Odchyliła się do tyłu, westchnęła i wpatrzyła w sufit. Była poirytowana.
– To takie żenujące. Nigdy mi tego nie zapomną. Jak mam teraz spojrzeć im w oczy? Pomyślą, że jestem jakimś dziwolągiem, czy coś.
– Skarbie, tak mi przykro, ale byłaś chora, a my nie mogliśmy cię znaleźć…
Nagle otworzyły się drzwi i do pomieszczenia wszedł mężczyzna, najwyraźniej lekarz, krocząc dumnie, autorytatywnie, w otoczeniu dwóch lekarzy rezydentów trzymających w dłoniach podkładki.

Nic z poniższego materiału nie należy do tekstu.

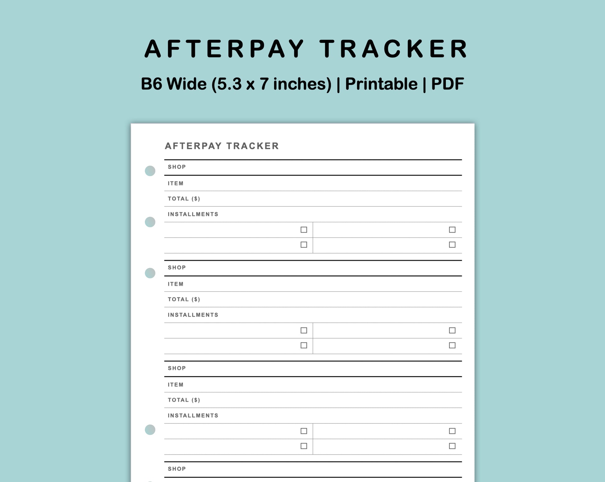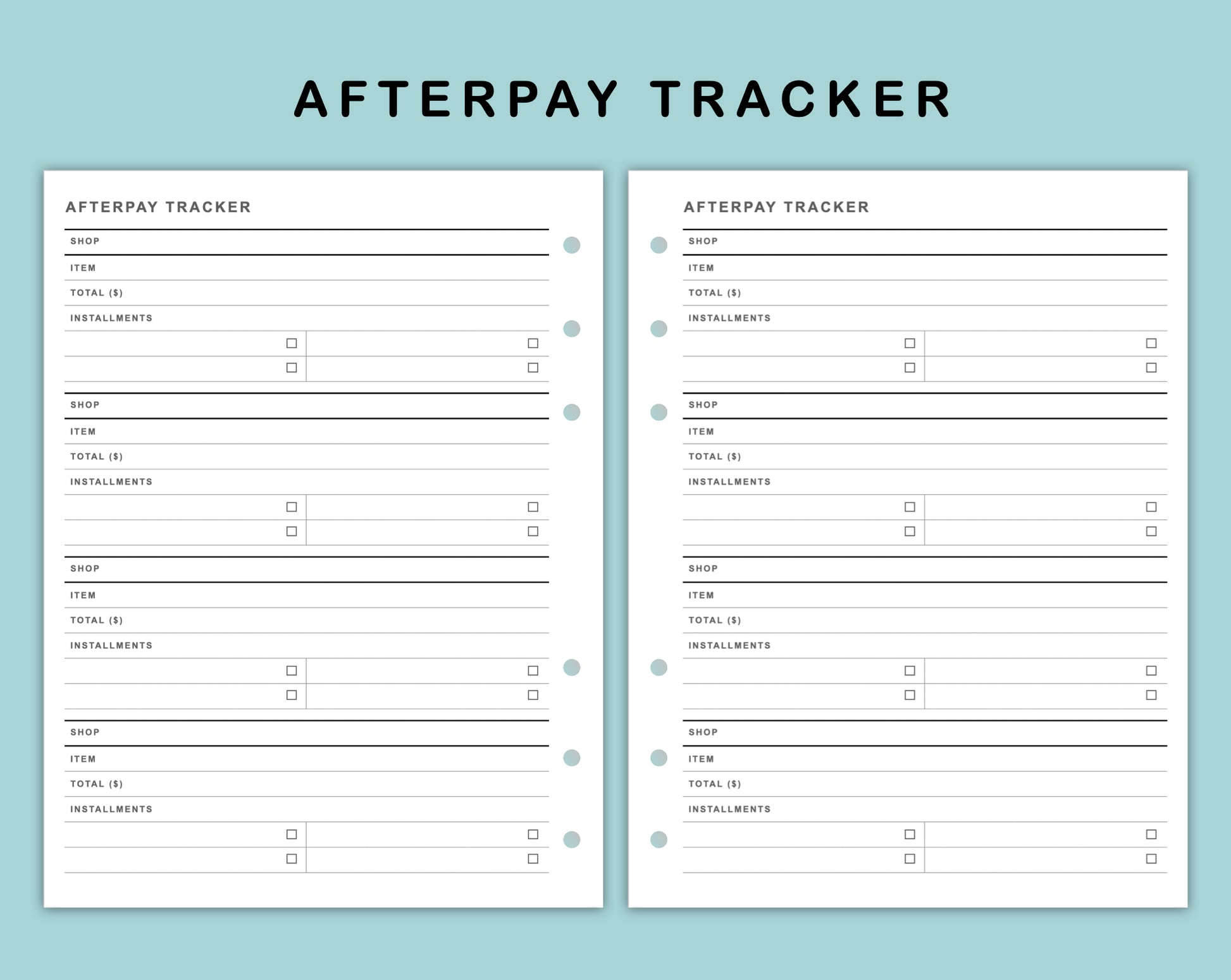 This Afterpay Tracker Inserts is made to help you track your afterpay payments.

Podeszli wprost do karty Scarlet u szczytu jej łóżka i zaczęli odczytywać dane.
Caitlin była wdzięczna za chwilę przerwy, która załagodziła ich kłótnię.
Za lekarzami przywlokła się pielęgniarka, podeszła do wezgłowia łóżka Scarlet i podniosła je do pozycji siedzącej. Owinęła ramię Scarlet i zbadała jej ciśnienie krwi, po czym włożyła jej termometr cyfrowy do ucha i odczytała wynik lekarzowi.
– W normie – oznajmiła, kiedy ten odczytywał jej kartę, kiwając głową. – Tak samo, jak wówczas, kiedy tu przyszła. Nic złego się z nią nie dzieje.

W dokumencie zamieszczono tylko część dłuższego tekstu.